|Go ahead, make more rain.|
There’s more going on here than a single decision to skip a race in circumstances that would have made it impossible for me to be successful. My training has been terrible lately. On Monday, very high winds kept me off the bike and behind the lawnmower. On Tuesday, rain forced me to cancel the season finale of the cyclocross practice series at Royal Oaks Park. I did 2-hour training rides on Wednesday and Thursday, then got rained out again on Friday … and again today.

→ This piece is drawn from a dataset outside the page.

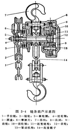 圖3-4為齒輪式手拉鏈條葫蘆。當提升重物時,手拉鏈1使鏈輪2按順時針方向轉(zhuǎn)動。鏈輪2沿著圓盤5套筒上的螺紋向里一動,而將棘輪圈3和摩擦片6都壓緊在鏈輪軸4上(鏈輪軸4與圓盤5牢固形成一體),棘輪圈3只能順時針方向轉(zhuǎn)動,棘爪在棘輪圈3上跳動發(fā)出嗒嗒之聲。鏈輪軸4右端的齒輪12帶動齒輪9(或稱行星齒輪)與固定齒圈8相嚙合,使齒輪9沿鏈輪軸4為中心順時針方向移動。同時帶動驅(qū)動機構(gòu)13和起重鏈輪11轉(zhuǎn)動,使起重鏈子14上升。當不拉手拉鏈之后,重物是靠自重產(chǎn)生的自鎖現(xiàn)象和棘爪組織棘輪圈3逆時針方向轉(zhuǎn)動而停止在空中。反之,當松下重物時,手拉鏈1使鏈輪2和圓盤5分離。則鏈輪軸4右端的齒輪12帶動齒輪9與固定齒圈8相嚙合,使齒輪9沿鏈輪軸4為中心逆時針方向轉(zhuǎn)動,同時帶動驅(qū)動機構(gòu)13和起重鏈輪11轉(zhuǎn)動,使起重鏈子14下降。當不拉手拉鏈之后,因鏈輪2停止轉(zhuǎn)動時,起重鏈輪11受重物自重還要繼續(xù)沿逆時針方向轉(zhuǎn)動,行星齒輪傳動機構(gòu)同樣沿逆時針方向繼續(xù)轉(zhuǎn)動,使圓盤5、摩擦片6及棘輪圈3相互之間相互壓緊而產(chǎn)生摩擦力,棘輪圈3受棘爪阻止不能向逆時針方向轉(zhuǎn)動,于是摩擦力作用在螺紋上產(chǎn)生自鎖,使重物停止在空中。
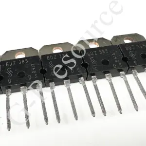 Experience reliable switching performance with the Takin Chip BUZ385 N-channel MOSFET, housed in a durable TO-218 package. This high-quality component features a maximum drain-source voltage of 500V and a continuous drain current of 9A, making it ideal for power switching applications. Its sleek, black rectangular housing with white printed markings offers a modern, industrial look, complemented by a mounting hole near the top edge and three flat, silver-colored leads for easy integration into your electronic projects. Designed for precision and efficiency, this new MOSFET ensures robust performance in your circuit designs.

I feel like I’ve lost some of the edge on my fitness. I have lost the mental edge. Immediately after canceling practice on Tuesday, I set up my Raleigh on the trainer in the home gym. I need to make peace with it, but I haven’t yet. The ugly truth is that I am not fully committed to this cyclocross season. As much as I love the sport, I haven’t convinced myself that training and racing in cold, wet conditions is worthwhile when the result is, at best, a mid-pack finish.

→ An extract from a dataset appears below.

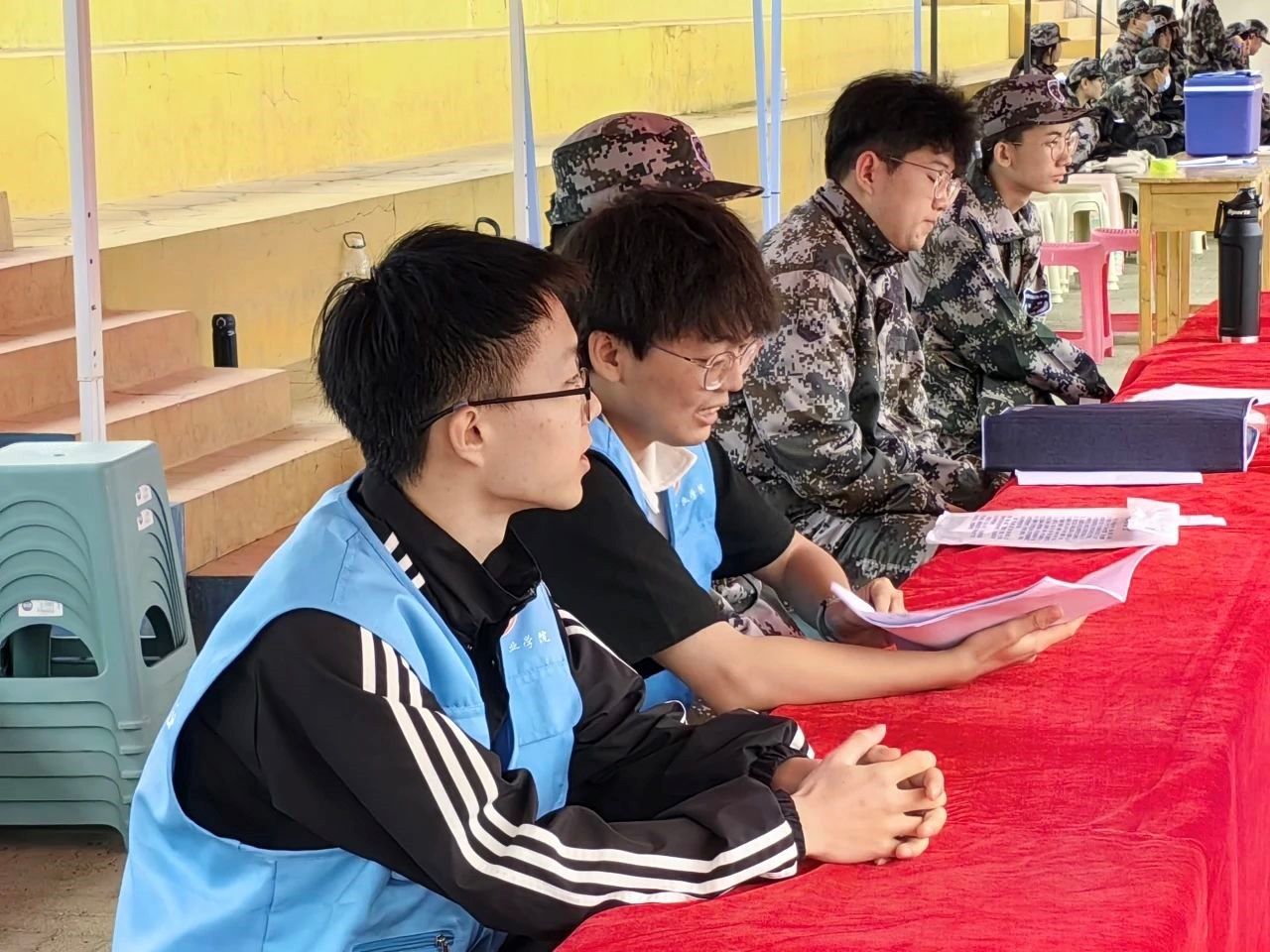 党委副书记 副院长冯佃臣实地了解军训的相关安排和训练情况,与参训新生和坚守在一线的辅导员亲切交流,详细了解他们的身体情况及需求。

I am still what I always was: a guy who just might succeed by outlasting you. The WEMS race at New Fane back on Sep. 17 provides a perfect example. I was in 11th place at the end of Lap 1 and in 10th place at the end of Lap 2, then I jumped up to 5th place by the end of Lap 3. I was still in 5th place at the end of Lap 4, but closing fast on the guy ahead of me. I moved into 4th place early on Lap 5 and held that position for the remainder of the race. But that’s mountain bike racing; cyclocross doesn’t work that way. Explosive starts leave me fighting for the scraps after the first minute. Throw in weather that I truly hate and you have a recipe for demotivation.
Next week’s forecast holds some promise and I still plan to race at PumpkinCross in Grafton on Oct. 8. The WCA season really is just getting started and I shouldn’t give up on it yet. I am hedging my bets, though, by looking for other cycling opportunities. There’s an appealing gravel grinder in downstate Illinois on Oct. 30, for example, that could be a great alternative to another weekend of rotten weather in Wisconsin. And I’m only 468 miles away from a 5,000-mile season. But that’s a consolation prize, and when I’m planning for 2017 I should look for more competition goals early in the season. Autumn is never what I want it to be. Saving myself for it is failing to make best use of my abilities.